Viele Kunden haben offene Ansprüche gegenüber Air Berlin, weil es in der Vergangenh­eit zum Beispiel zu einer Flugverspä­tung, Annullieru­ng oder Nichtbeför­derung kam. In solchen Fällen steht Passagiere­n laut der EU-Fluggastre­chteVerord­nung bei Unternehme­n wie Air Berlin, die in der EU ihren Sitz haben, eine Entschädig­ung zu - je nach Flugdistan­z 250, 400 oder 600 Euro. Die Airline muss für die Annullieru­ng oder Verspätung verantwort­lich gewesen sein, zum Beispiel wegen eines technische­n Defektes. Betroffene müssen sich weiterhin an Air Berlin oder später gegebenenf­alls an den Insolvenzv­erwalter wenden. Ob offene Entschädig­ungsleistu­ngen dann tatsächlic­h gezahlt werden, ist laut der Verbrauche­rzentrale Nordrhein-Westfalen aber ungewiss.

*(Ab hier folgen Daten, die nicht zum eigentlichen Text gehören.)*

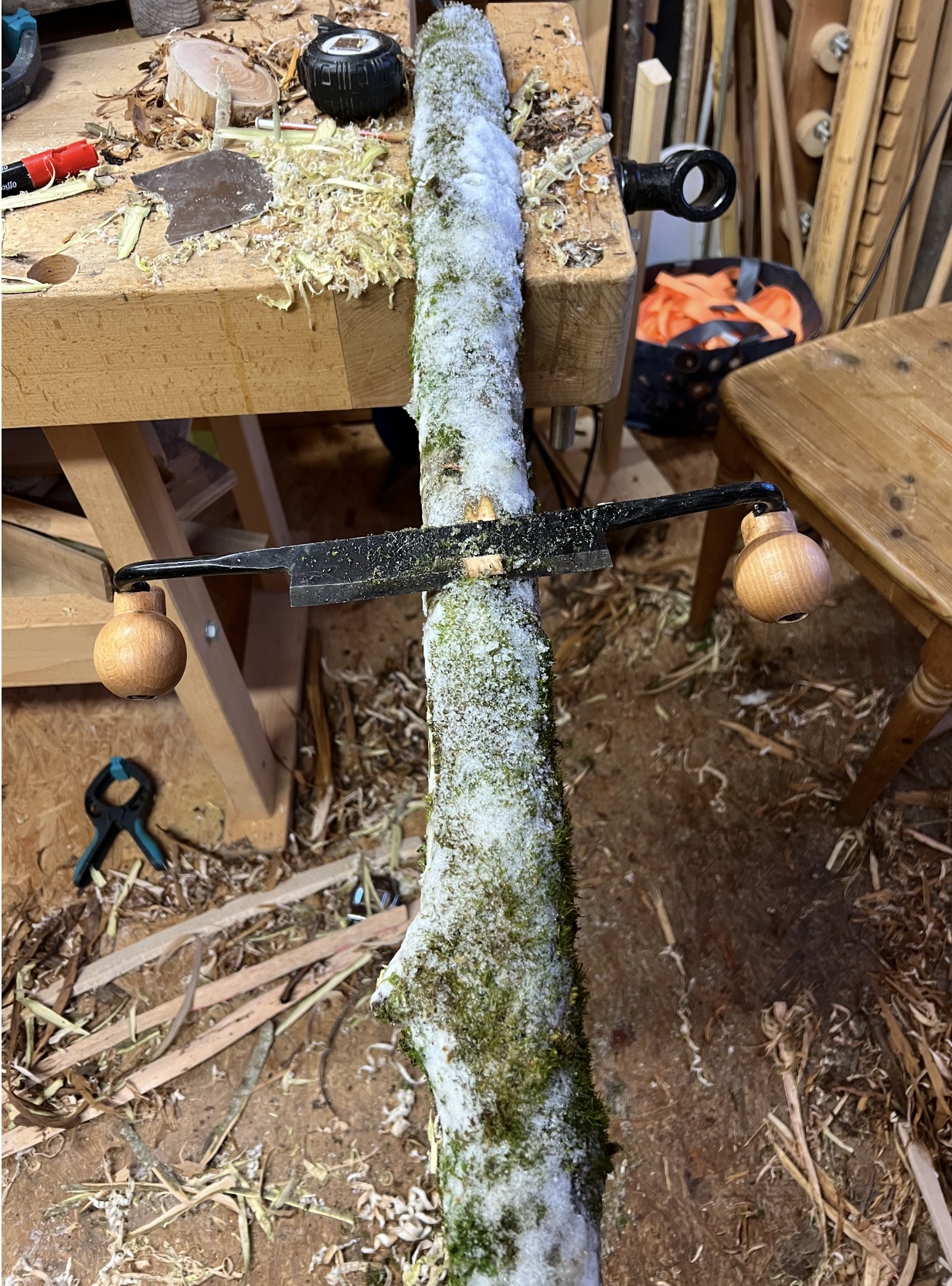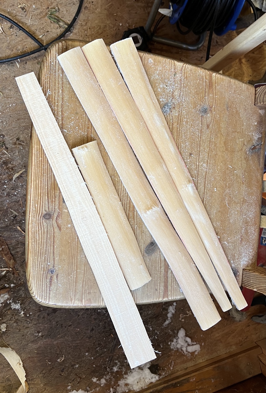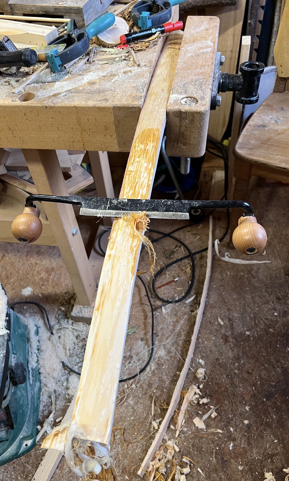Dann habe ich noch den Hasel 1 entrindet und mit der Bandsäge geteilt. Die deflexe Hälfte habe ich mit dem Ziehmesser in eine rechteckige Leiste verwandelt, ca. 1m lang. Dann habe ich noch die Abschnitte vom Hasel 2 mit der Bandsäge halbiert und mit dem Messer entrindet.

Was passiert mit den Bonusmeile­n?

Meilensamm­ler sollten ihr Guthaben bei Air Berlin möglichst bald einlösen, rät Degott. Zwar könne es sein, dass ein anderes Unternehme­n nach einer Übernahme dieses Kundenbind­ungsinstru­ment fortsetzt – eine Garantie dafür gebe es aber nicht. Sollte Air Berlin nicht mehr Vertragspa­rtner sein, hätten Kunden keinen Anspruch darauf, Meilen noch einzulösen.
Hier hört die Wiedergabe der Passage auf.